In this study we compare DOM inputs from litter leachate and the concentration, character and biological reactivity of DOM exports in subsurface flow between adjacent old-growth subalpine and second-growth pine forests. Early work at these sites documented that clear cut harvesting resulted in lasting increases in snow accumulation, subsurface discharge, and nutrient export (Reuss, Stottlemyer, & Troendle, 1997; Starr, 2004; Troendle & Reuss, 1997). The amount of DOC exported from forests is determined by O horizon C content, with old-growth forests exporting more DOC compared to regenerating ones (Cawley et al., 2014; Lajtha & Jones, 2018; Pacific, Jensco, & McGlynn, 2010). However, DOC reactivity is affected by C character and processing within subsurface flow paths (Lehmann & Kleber, 2015). Because old-growth forests generally have deeper O-horizons composed of more recalcitrant DOM (Jandle et al., 2007; Johnson, Johnson, Huntington, & Siccama, 1991), we expect greater flux but lower biological reactivity of DOC from these forests.

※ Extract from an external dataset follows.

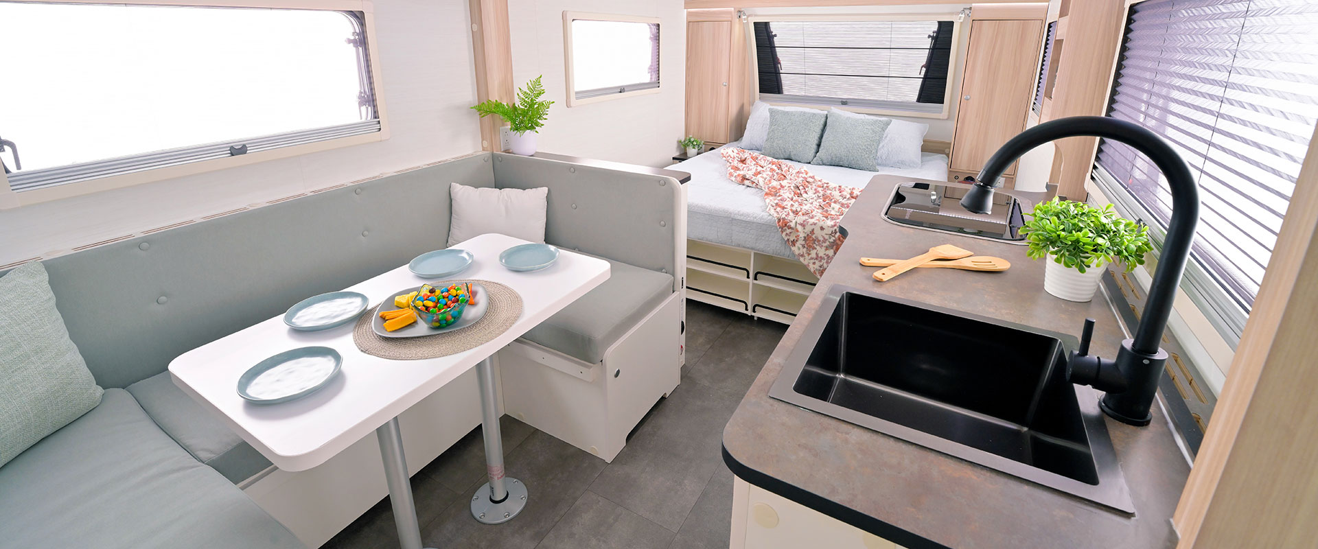 We are delighted to unveil the latest member of the nuCamp family: the Haven! Spanning over 22 feet, this remarkable travel trailer offers an expansive and inviting interior. True to its name, the Haven embodies a sanctuary of safety, comfort, and retreat—meticulously designed to provide a personal haven for campers on every adventure.

Conversely, we hypothesize that DOM exported from pine-dominated, second-growth forest to contain proportionally more biologically reactive DOM typical of the water-soluble proteins and polyphenolics found in pine needle litter (Beggs & Summer, 2011). Western conifer forests often require a century to regrow to their pre-harvest stand structure (Burns & Honkala, 1990), so the extent of old-growth forest cover has decreased during more than a century of timber harvesting and most forests are in intermediate stages of recovery (Anderson‐Teixeira et al., 2013; Hurtt et al., 2011; McDowell et al., 2020). This study evaluates how forest change following clear-cut harvesting alters the reactivity of DOM from the landscape to aquatic ecosystems.